== GIVEN ENTRIES ==
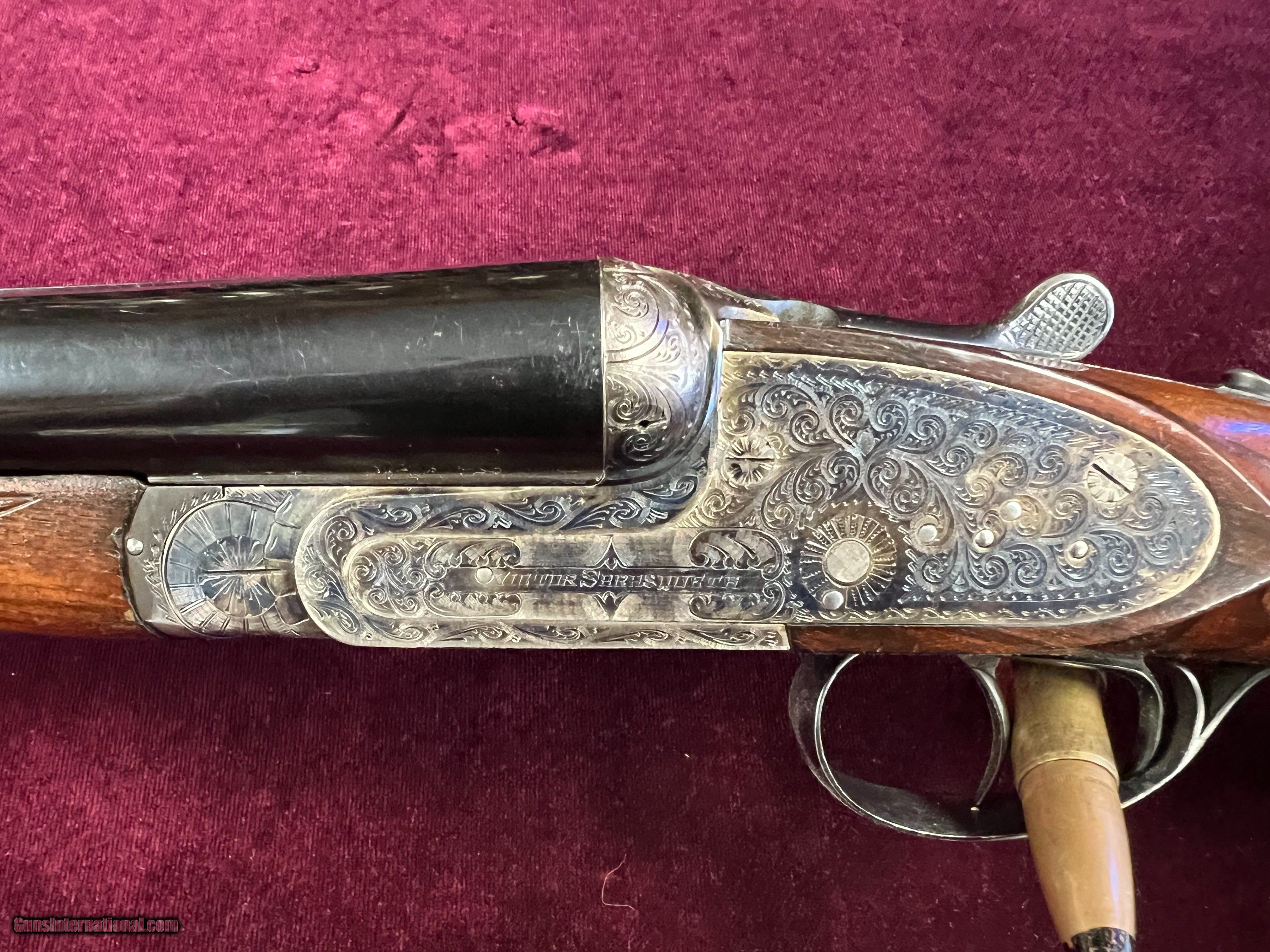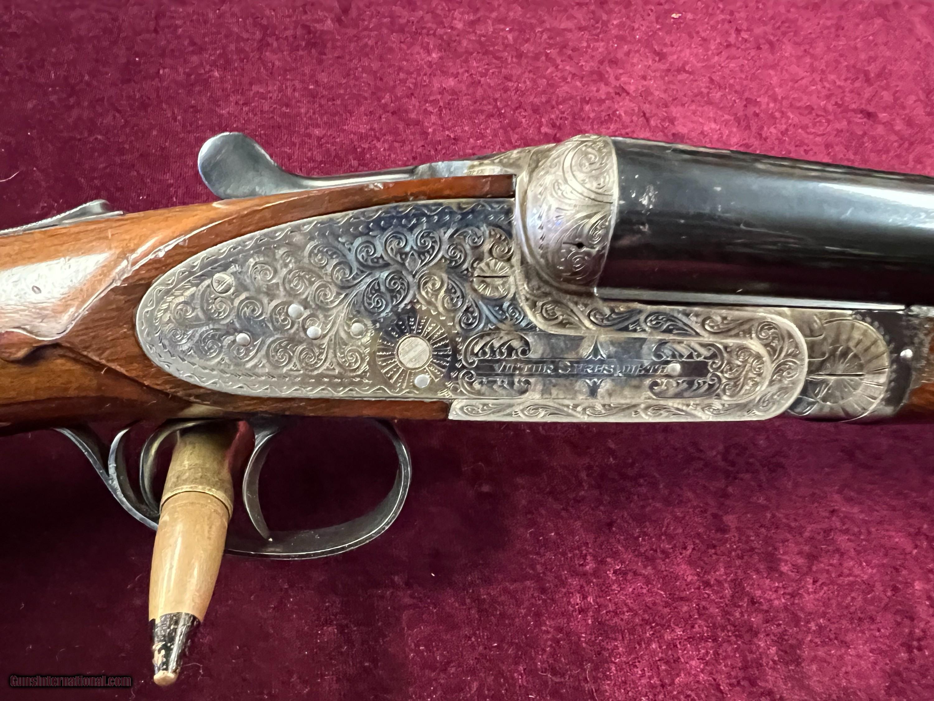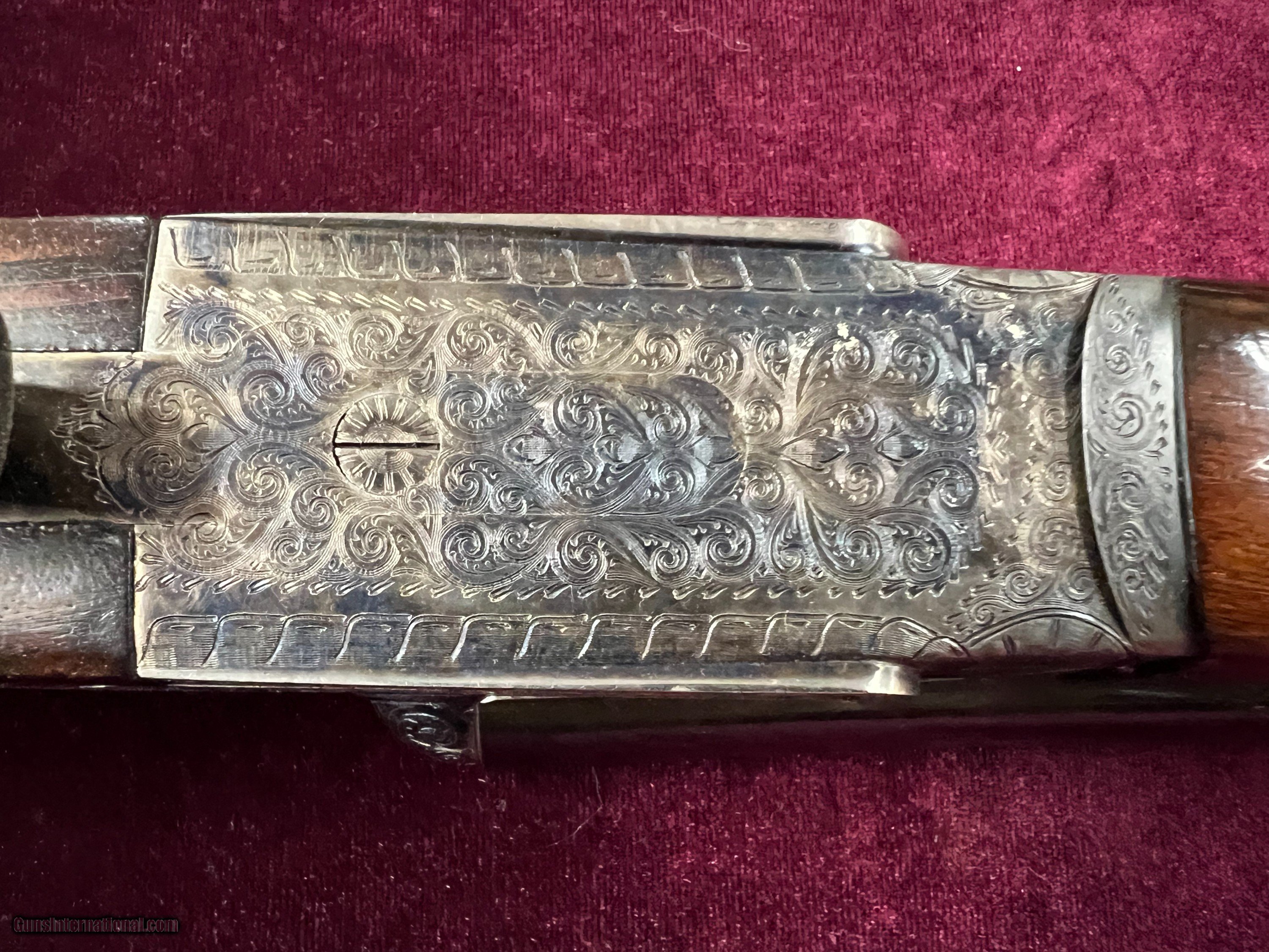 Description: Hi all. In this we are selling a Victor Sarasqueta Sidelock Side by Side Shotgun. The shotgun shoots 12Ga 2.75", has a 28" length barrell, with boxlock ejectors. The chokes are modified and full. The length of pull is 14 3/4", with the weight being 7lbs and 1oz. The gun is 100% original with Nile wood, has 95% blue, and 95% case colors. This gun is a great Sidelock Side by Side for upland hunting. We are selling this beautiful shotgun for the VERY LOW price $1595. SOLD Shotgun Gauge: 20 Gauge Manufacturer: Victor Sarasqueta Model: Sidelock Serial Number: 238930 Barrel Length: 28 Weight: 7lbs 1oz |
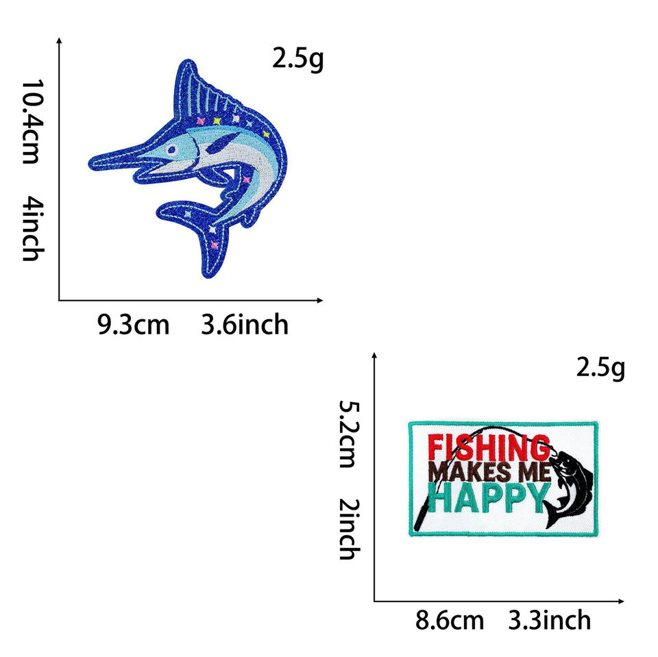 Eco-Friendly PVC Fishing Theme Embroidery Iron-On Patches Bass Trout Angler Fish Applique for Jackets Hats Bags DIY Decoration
==
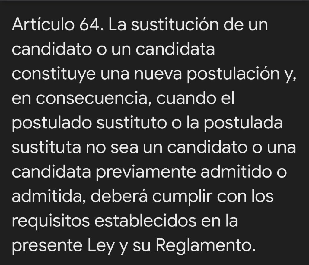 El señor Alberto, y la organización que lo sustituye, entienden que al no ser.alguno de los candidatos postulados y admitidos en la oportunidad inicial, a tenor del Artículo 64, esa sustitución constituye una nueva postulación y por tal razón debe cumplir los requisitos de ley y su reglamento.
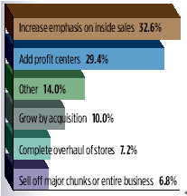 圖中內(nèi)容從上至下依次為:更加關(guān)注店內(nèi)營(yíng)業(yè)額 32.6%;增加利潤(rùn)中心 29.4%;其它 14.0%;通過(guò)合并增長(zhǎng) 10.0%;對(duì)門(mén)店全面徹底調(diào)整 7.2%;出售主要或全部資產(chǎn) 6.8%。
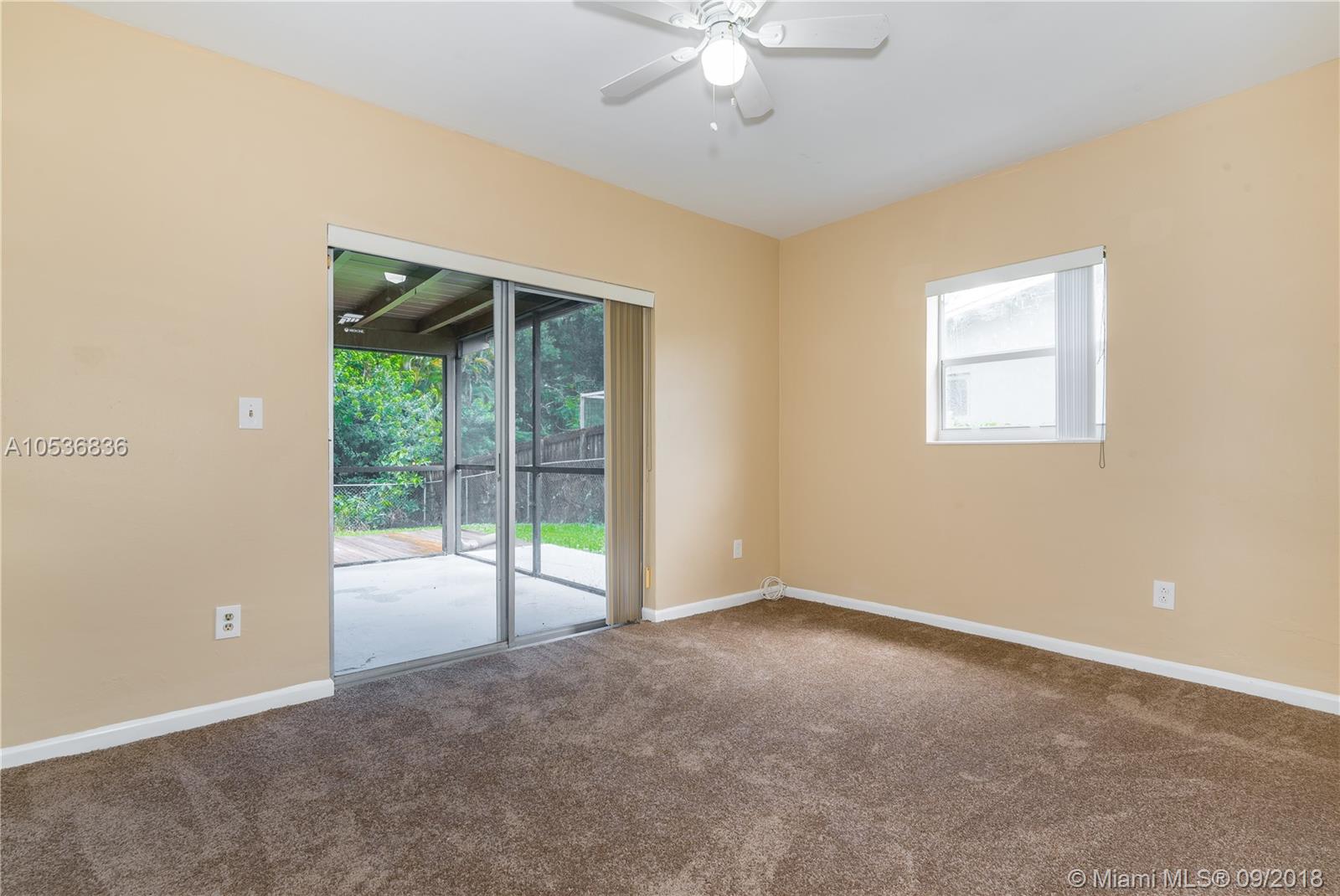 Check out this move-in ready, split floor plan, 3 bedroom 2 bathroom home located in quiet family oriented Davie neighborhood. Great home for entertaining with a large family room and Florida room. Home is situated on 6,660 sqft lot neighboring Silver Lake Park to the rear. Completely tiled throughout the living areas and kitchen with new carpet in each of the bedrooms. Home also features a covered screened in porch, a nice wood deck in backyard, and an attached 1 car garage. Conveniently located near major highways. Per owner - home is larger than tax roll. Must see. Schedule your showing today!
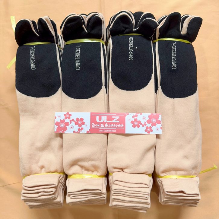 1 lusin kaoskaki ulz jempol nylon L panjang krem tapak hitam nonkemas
---
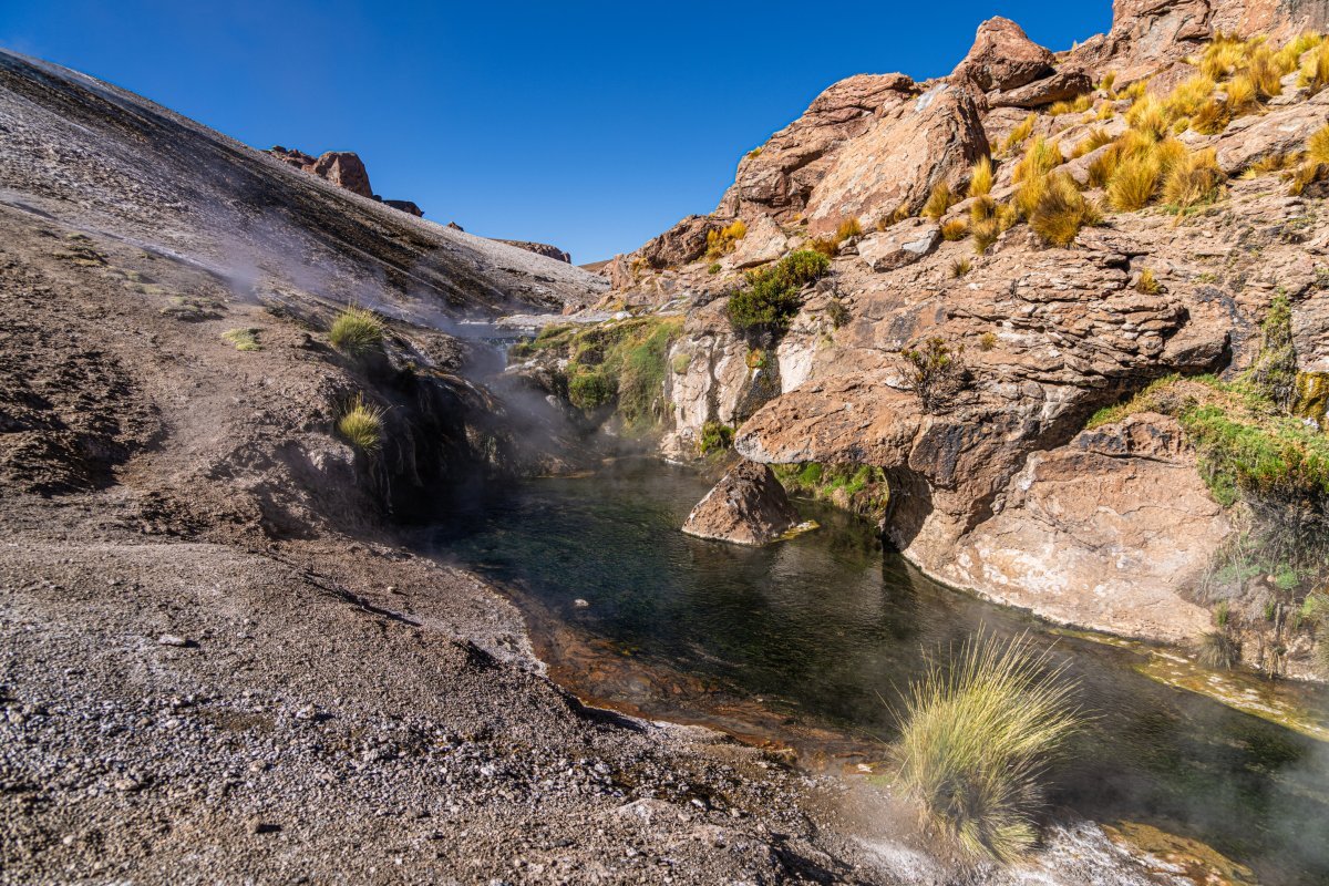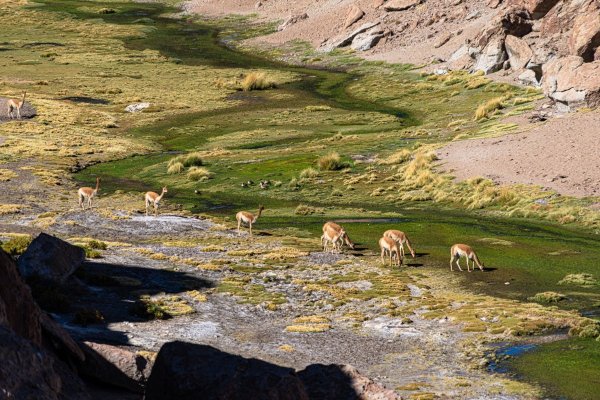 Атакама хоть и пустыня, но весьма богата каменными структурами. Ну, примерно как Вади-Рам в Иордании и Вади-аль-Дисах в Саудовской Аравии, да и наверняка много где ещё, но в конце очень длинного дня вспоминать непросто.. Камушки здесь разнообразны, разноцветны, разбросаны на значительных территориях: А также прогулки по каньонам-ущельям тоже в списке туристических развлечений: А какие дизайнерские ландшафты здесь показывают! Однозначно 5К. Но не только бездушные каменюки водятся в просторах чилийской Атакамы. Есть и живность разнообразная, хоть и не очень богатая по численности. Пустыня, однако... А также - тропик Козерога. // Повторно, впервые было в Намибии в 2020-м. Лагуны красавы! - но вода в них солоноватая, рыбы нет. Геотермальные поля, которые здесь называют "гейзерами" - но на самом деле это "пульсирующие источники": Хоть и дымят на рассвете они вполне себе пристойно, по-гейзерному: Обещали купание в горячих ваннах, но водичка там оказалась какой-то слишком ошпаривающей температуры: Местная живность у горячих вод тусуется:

== TASK ITEM ==
Working from the records above, set down word for word everything from the line containing "Description: Hi all." down to the line containing "Eco-Friendly PVC Fishing", ends included, minus the pictures.

== RESPONSE TO THIS EXERCISE ==
 Description: Hi all. In this we are selling a Victor Sarasqueta Sidelock Side by Side Shotgun. The shotgun shoots 12Ga 2.75", has a 28" length barrell, with boxlock ejectors. The chokes are modified and full. The length of pull is 14 3/4", with the weight being 7lbs and 1oz. The gun is 100% original with Nile wood, has 95% blue, and 95% case colors. This gun is a great Sidelock Side by Side for upland hunting. We are selling this beautiful shotgun for the VERY LOW price $1595. SOLD Shotgun Gauge: 20 Gauge Manufacturer: Victor Sarasqueta Model: Sidelock Serial Number: 238930 Barrel Length: 28 Weight: 7lbs 1oz |
 Eco-Friendly PVC Fishing Theme Embroidery Iron-On Patches Bass Trout Angler Fish Applique for Jackets Hats Bags DIY Decoration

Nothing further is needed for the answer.